__Available data__:
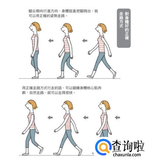 我们正常人或者准确的走路姿势应该是双眼平视前方,头微昂,颈部是正直的,双脚脚弓平行向前。
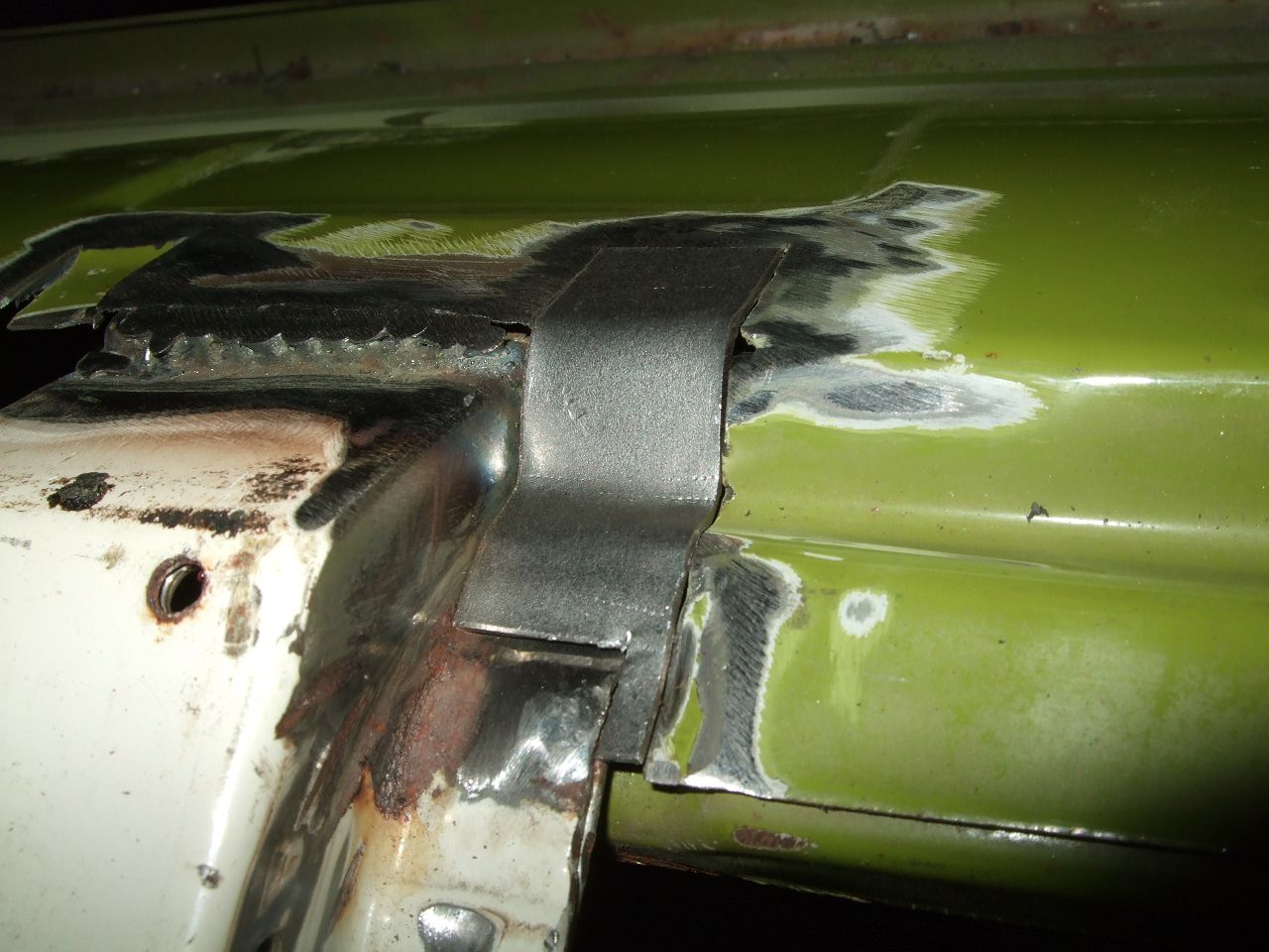 Hier hat sich also jemand ein Hubdach eingebaut und auch der Holzrahmen ist gut sichtbar, ferner aber auch der Spriegel (mit Knotenblech) über den B-Säulen, wo es wohl letztlich auch darauf ankommt.
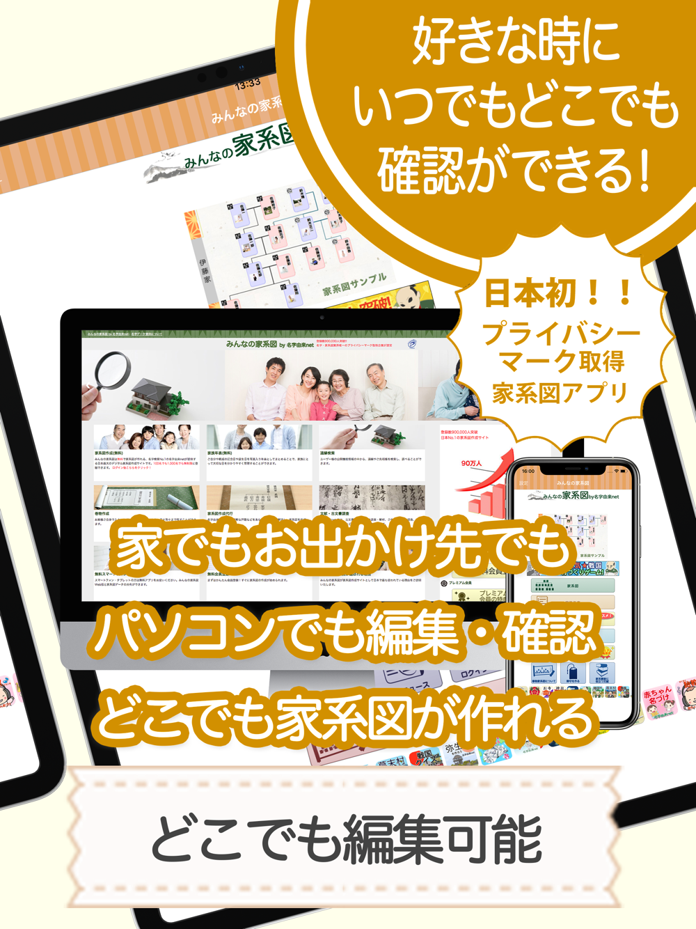 家系図アプリは、家系図取扱業として唯一のプライバシーマーク取得企業が運営しておりますので、安心・安全にご利用いただけます。
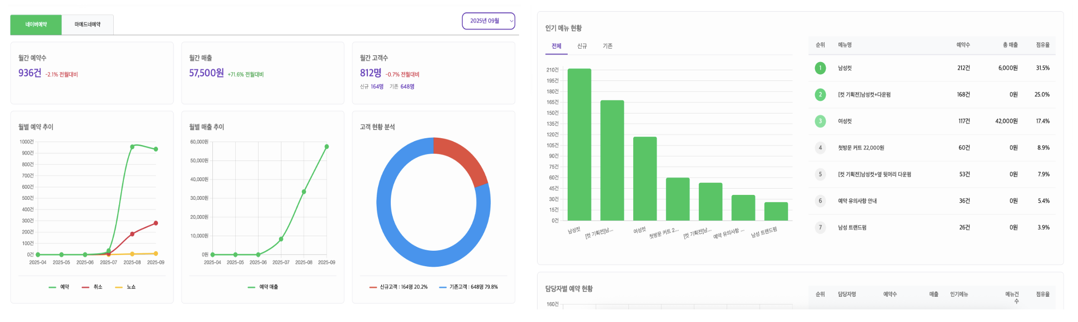 월간 예약, 매출, 고객수의 전월 대비 추이와 신규고객/기존고객 유입 추이, 예약 메뉴 추이, 담당자별 예약 추이 등 상세 분석 데이터를 볼 수 있습니다.
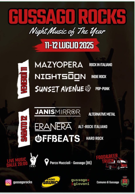 Due serate all’insegna del rock, dell’energia e della condivisione, che vedranno alternarsi sul palco Mazyopera, Nightsoon, Sunset Avenue, Janismirror, EraNera e Offbeats: sei band pronte a trasmettere emozioni e coinvolgere un pubblico trasversale attraverso le loro performance live.
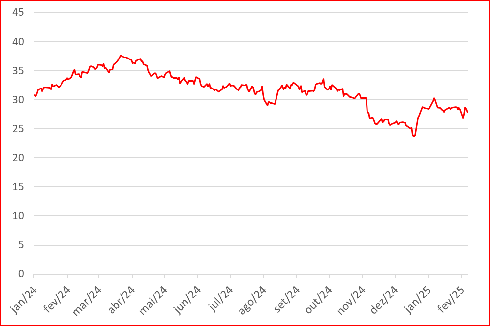 Mínimo:19 de Dezembro de 2024, com 23,70.
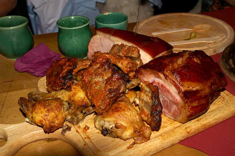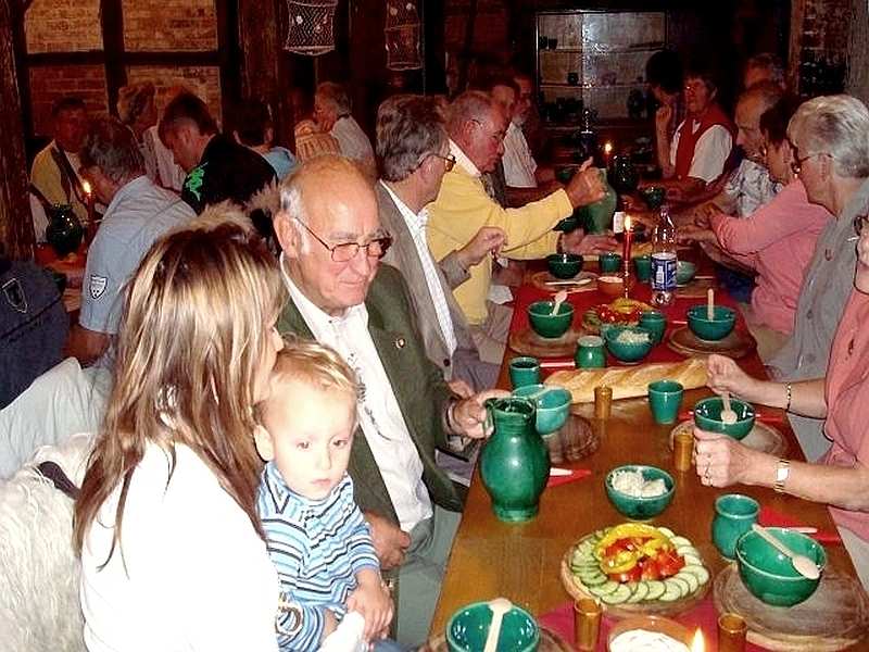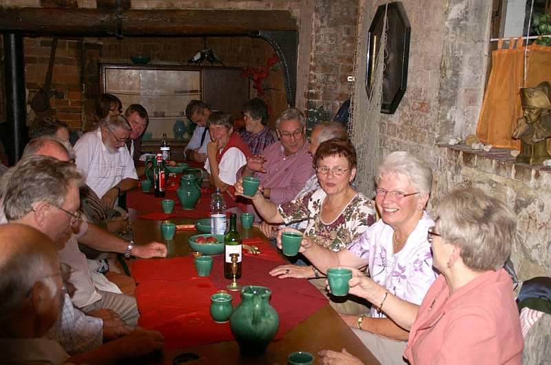 Nach einer gemütlichen Kaffeetafel und einem ausgiebigen Rundgang über den Hexentanzplatz fuhr der Bus uns weiter nach Halberstadt. Dort hatten die rührigen Organisatoren in dem mittelalterlich gestalteten Gasthaus „Zur Pfeife“ einen Ritterschmaus vorbereiten lassen. Ohne Messer und Gabel wurde von Holztellern und aus Steinkrügen Deftiges aus Topf und Pfanne verzehrt und Süffiges aus Fass und Flasche genossen.
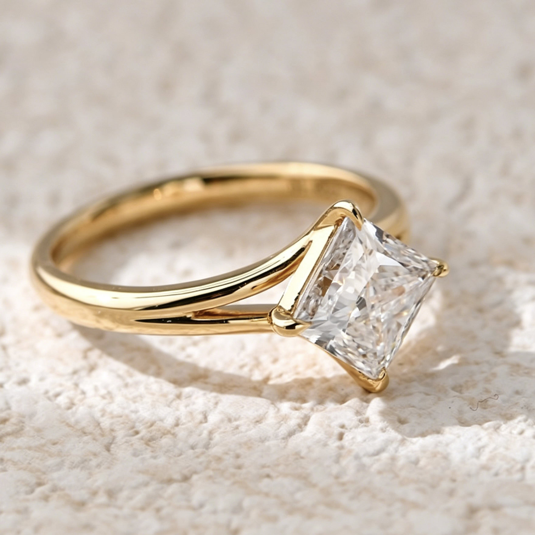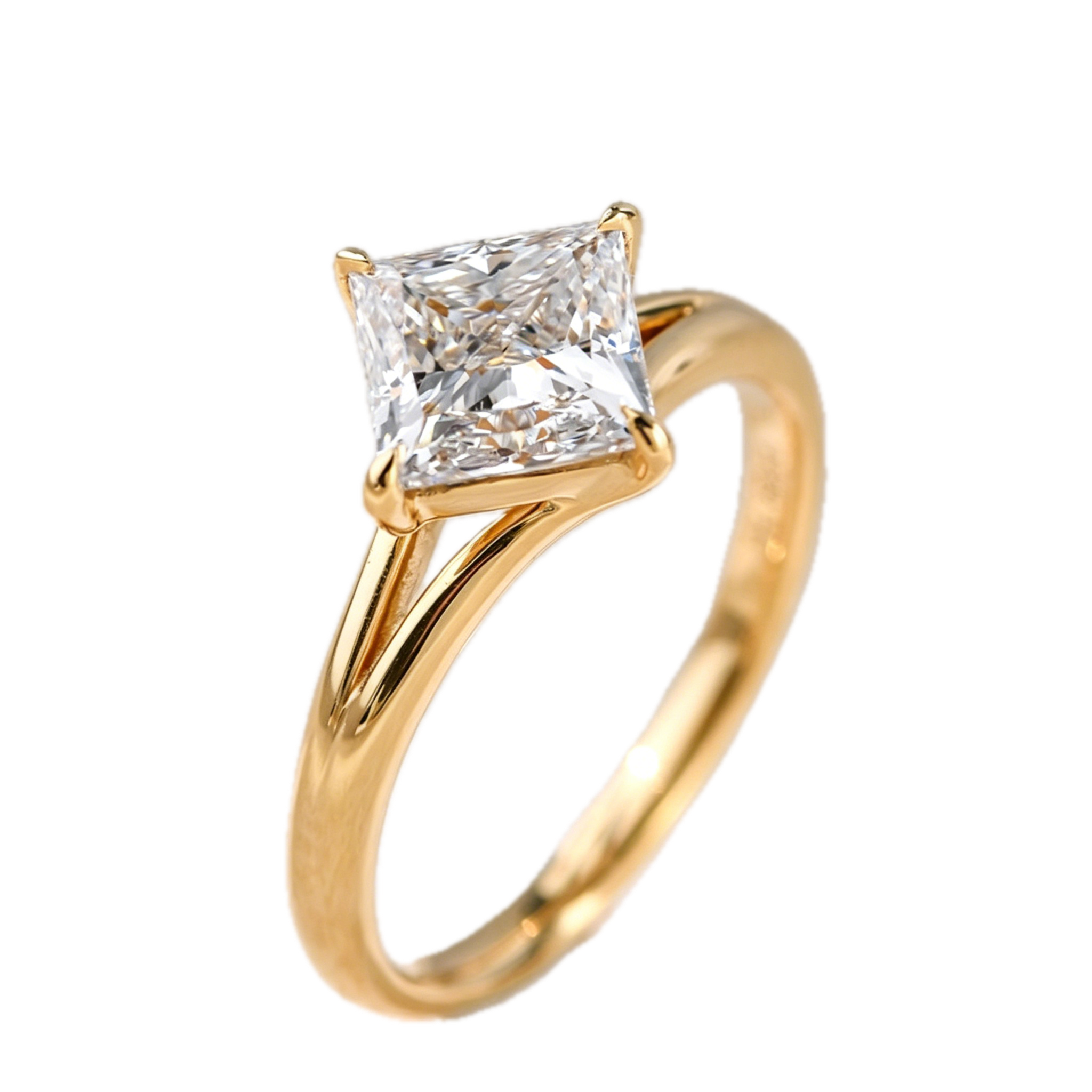 Princess Cut Lab Diamond Ring – Minimal Y-Shank Split Band Design

__What this task involves__: Omit every picture while printing the data word for word.

__Written response__:
 我们正常人或者准确的走路姿势应该是双眼平视前方,头微昂,颈部是正直的,双脚脚弓平行向前。
 Hier hat sich also jemand ein Hubdach eingebaut und auch der Holzrahmen ist gut sichtbar, ferner aber auch der Spriegel (mit Knotenblech) über den B-Säulen, wo es wohl letztlich auch darauf ankommt.
 家系図アプリは、家系図取扱業として唯一のプライバシーマーク取得企業が運営しておりますので、安心・安全にご利用いただけます。
 월간 예약, 매출, 고객수의 전월 대비 추이와 신규고객/기존고객 유입 추이, 예약 메뉴 추이, 담당자별 예약 추이 등 상세 분석 데이터를 볼 수 있습니다.
 Due serate all’insegna del rock, dell’energia e della condivisione, che vedranno alternarsi sul palco Mazyopera, Nightsoon, Sunset Avenue, Janismirror, EraNera e Offbeats: sei band pronte a trasmettere emozioni e coinvolgere un pubblico trasversale attraverso le loro performance live.
 Mínimo:19 de Dezembro de 2024, com 23,70.
 Nach einer gemütlichen Kaffeetafel und einem ausgiebigen Rundgang über den Hexentanzplatz fuhr der Bus uns weiter nach Halberstadt. Dort hatten die rührigen Organisatoren in dem mittelalterlich gestalteten Gasthaus „Zur Pfeife“ einen Ritterschmaus vorbereiten lassen. Ohne Messer und Gabel wurde von Holztellern und aus Steinkrügen Deftiges aus Topf und Pfanne verzehrt und Süffiges aus Fass und Flasche genossen.
 Princess Cut Lab Diamond Ring – Minimal Y-Shank Split Band Design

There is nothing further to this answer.